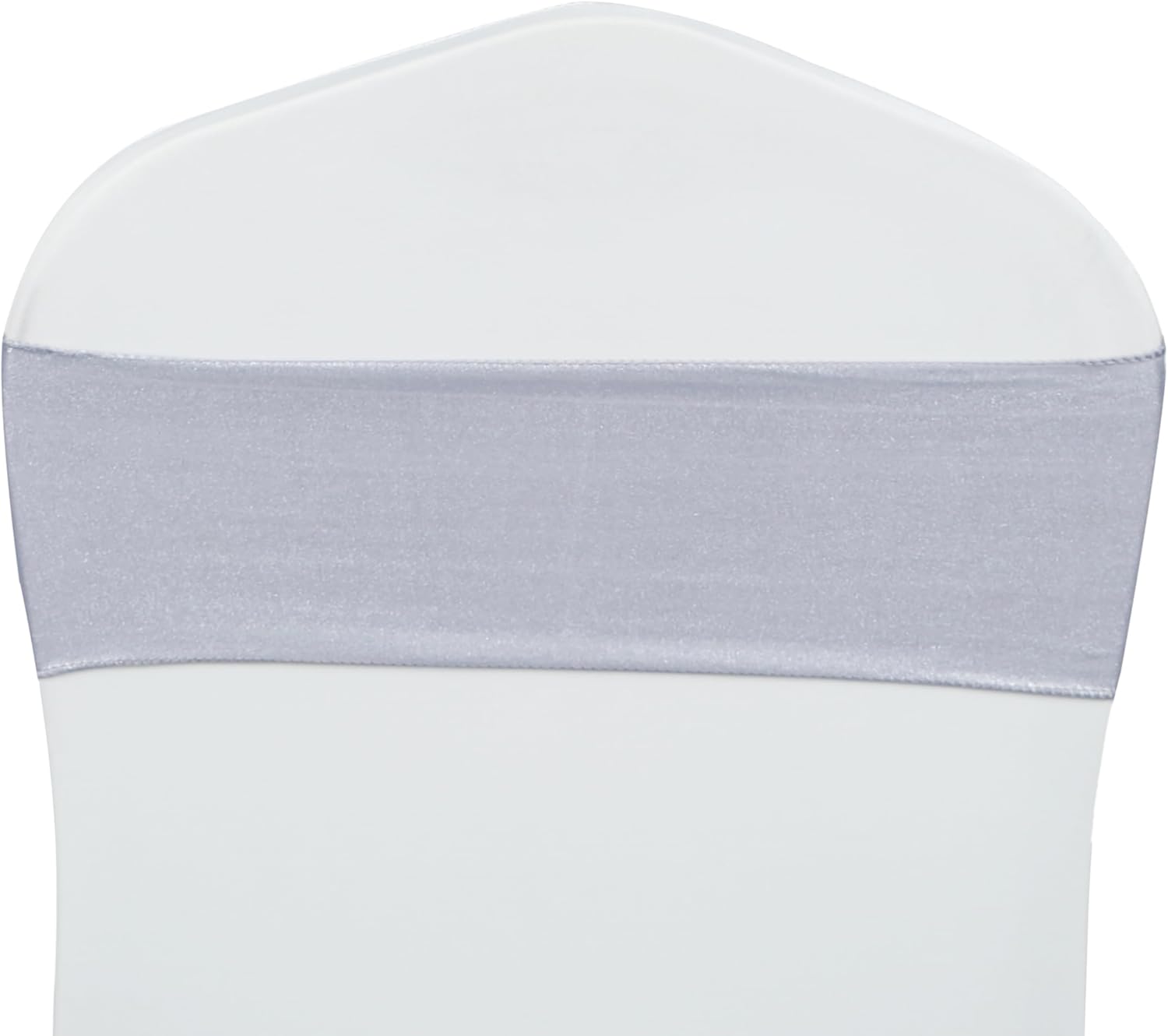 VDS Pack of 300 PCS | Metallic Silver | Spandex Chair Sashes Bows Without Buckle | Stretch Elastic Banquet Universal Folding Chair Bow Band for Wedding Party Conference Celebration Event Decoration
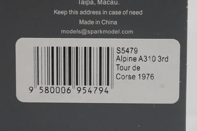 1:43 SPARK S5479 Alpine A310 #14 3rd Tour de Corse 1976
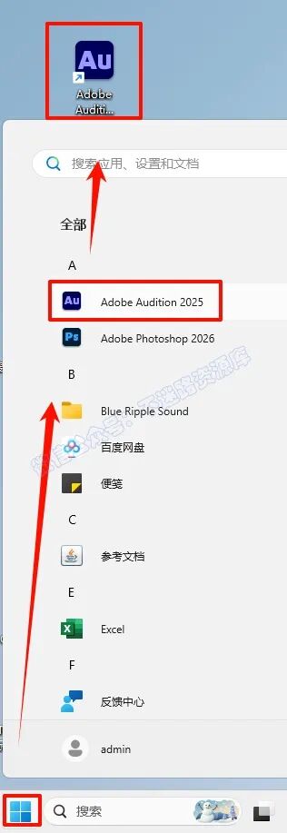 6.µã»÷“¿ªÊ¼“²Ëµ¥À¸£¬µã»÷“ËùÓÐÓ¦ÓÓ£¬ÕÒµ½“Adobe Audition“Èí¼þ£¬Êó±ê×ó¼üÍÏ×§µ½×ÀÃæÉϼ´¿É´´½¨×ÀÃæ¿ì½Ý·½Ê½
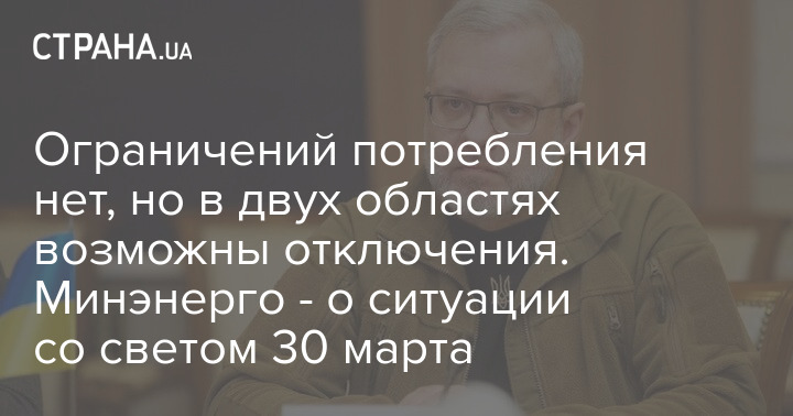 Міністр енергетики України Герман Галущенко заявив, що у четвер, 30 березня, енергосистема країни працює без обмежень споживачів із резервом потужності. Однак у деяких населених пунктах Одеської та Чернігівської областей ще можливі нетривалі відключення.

## What you are asked to do
Leave the pictures out and output the rest of the data word for word.

## Output of the task
 VDS Pack of 300 PCS | Metallic Silver | Spandex Chair Sashes Bows Without Buckle | Stretch Elastic Banquet Universal Folding Chair Bow Band for Wedding Party Conference Celebration Event Decoration
 1:43 SPARK S5479 Alpine A310 #14 3rd Tour de Corse 1976
 6.µã»÷“¿ªÊ¼“²Ëµ¥À¸£¬µã»÷“ËùÓÐÓ¦ÓÓ£¬ÕÒµ½“Adobe Audition“Èí¼þ£¬Êó±ê×ó¼üÍÏ×§µ½×ÀÃæÉϼ´¿É´´½¨×ÀÃæ¿ì½Ý·½Ê½
 Міністр енергетики України Герман Галущенко заявив, що у четвер, 30 березня, енергосистема країни працює без обмежень споживачів із резервом потужності. Однак у деяких населених пунктах Одеської та Чернігівської областей ще можливі нетривалі відключення.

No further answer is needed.